Work instruction »
After locating the line with "શ્રી સ્વામિનારાયણ કન્યા" in the entries below, output it and each following line up to and including the line with "إزالة إحدى المظلات المخالفة", exactly and without pictures.

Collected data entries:
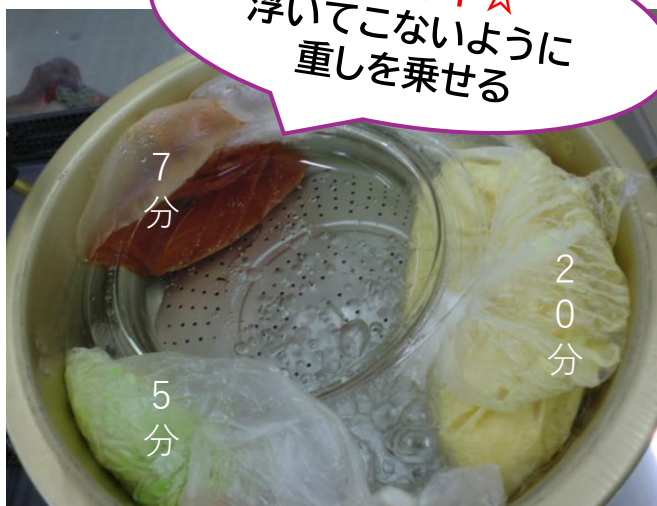
⑤大きな鍋にお湯を沸騰させてポリ袋を 加熱します(規定時間に合わせて)
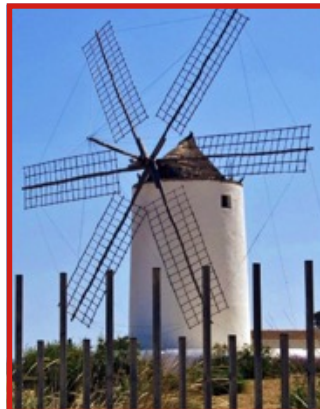
Pictiúr F – Muileann Gaoithe
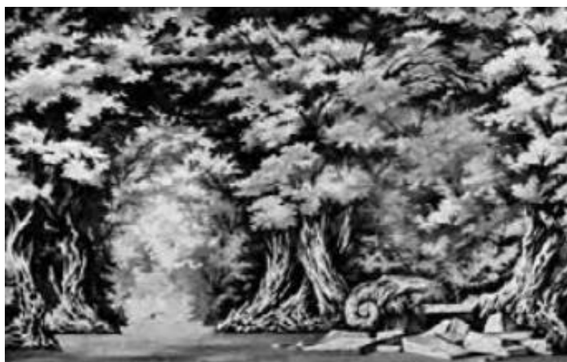
▲ شکل ۱۲-۳- طراحی صحنه فقط با استفاده از نقاشی
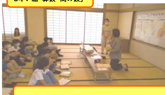
5年い組 学活「うまれてきてくれてありがとう」
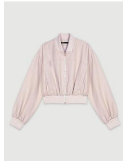
Jacket BALIMI 275€ / 178€
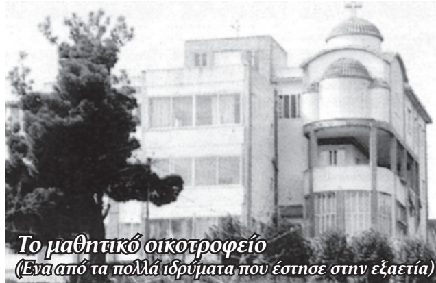
Το μαθητικό οικοτροφείο (Ένα από τα πολλά ιδρύματα που έστησε στην εξορία)
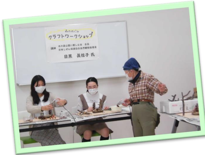
熱心な説明を受けて 熱心に作成中！
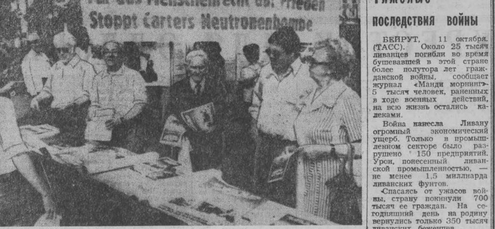
Лицо «свободного мира»

НА СНИМКЕ: сбор подписей в Эссене под протестом против планов производства нейтронной бомбы в США.
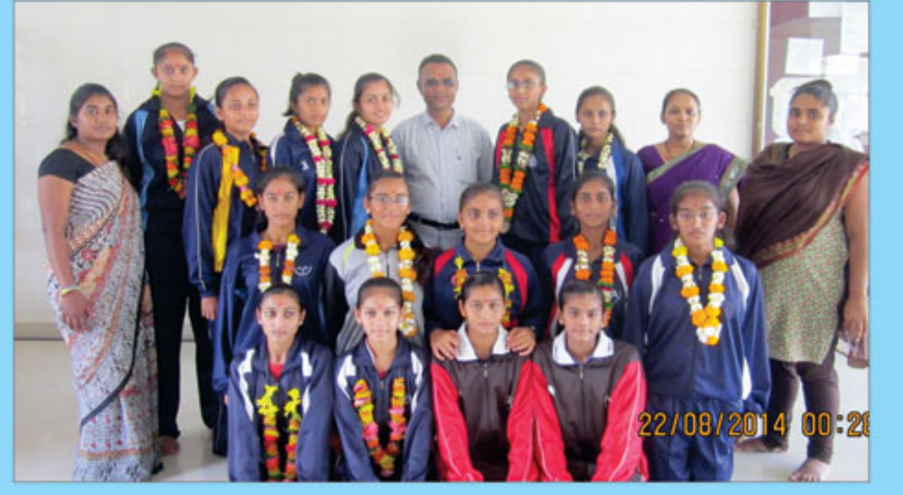
શ્રી સ્વામિનારાયણ કન્યા વિદ્યાલય, ભુજમાં સ્મૃત-ગમત ક્ષેત્રે રાષ્ટ્રીય કક્ષાએ વિજેતા થયેલ વિદ્યાર્થીનીઓને અભિનંદન આપતા મંત્રીશ્રી, આચાર્યશ્રી અને વ્યાયામ શિક્ષિકા.
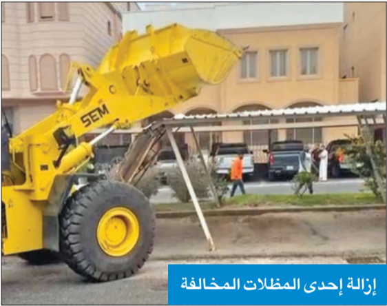
إزالة إحدى المظلات المخالفة

أكدت إدارة العلاقات العامة في بلدية الكويت أن الفريق الميداني يقسم إزالة المخالفات في محافظة مبارك الكبير نفق حملة إزالة التعديات على أملاك الدولة بعد الانتهاء من المدة القانونية للإنذار، حيث تمت إزالة 6 مظلات لمبان سكنية. وأعلنت الإدارة بدء حملات ميدانية مكثفة خلال شهر أبريل الجاري لإزالة أي تعديات مقامة على أملاك الدولة في كافة المحافظات، وأوضحت أنه بالتعاون مع أقسام إزالة المخالفات بفرع البلدية في المحافظات، ستنفذ الحملات الميدانية من الفرق الرقابية وستشمل المناطق الصناعية والتجارية الاستثمارية وتعديات مناطق البر، موضحة أن بلدية الكويت اهابت بجميع الفرق الميدانية في جميع المحافظات الالتزام بالقوانين وعدم التأخر مع أي مخالفات وتعديات وانذارهم قبل الإزالة.

Solution for this task »
શ્રી સ્વામિનારાયણ કન્યા વિદ્યાલય, ભુજમાં સ્મૃત-ગમત ક્ષેત્રે રાષ્ટ્રીય કક્ષાએ વિજેતા થયેલ વિદ્યાર્થીનીઓને અભિનંદન આપતા મંત્રીશ્રી, આચાર્યશ્રી અને વ્યાયામ શિક્ષિકા.
إزالة إحدى المظلات المخالفة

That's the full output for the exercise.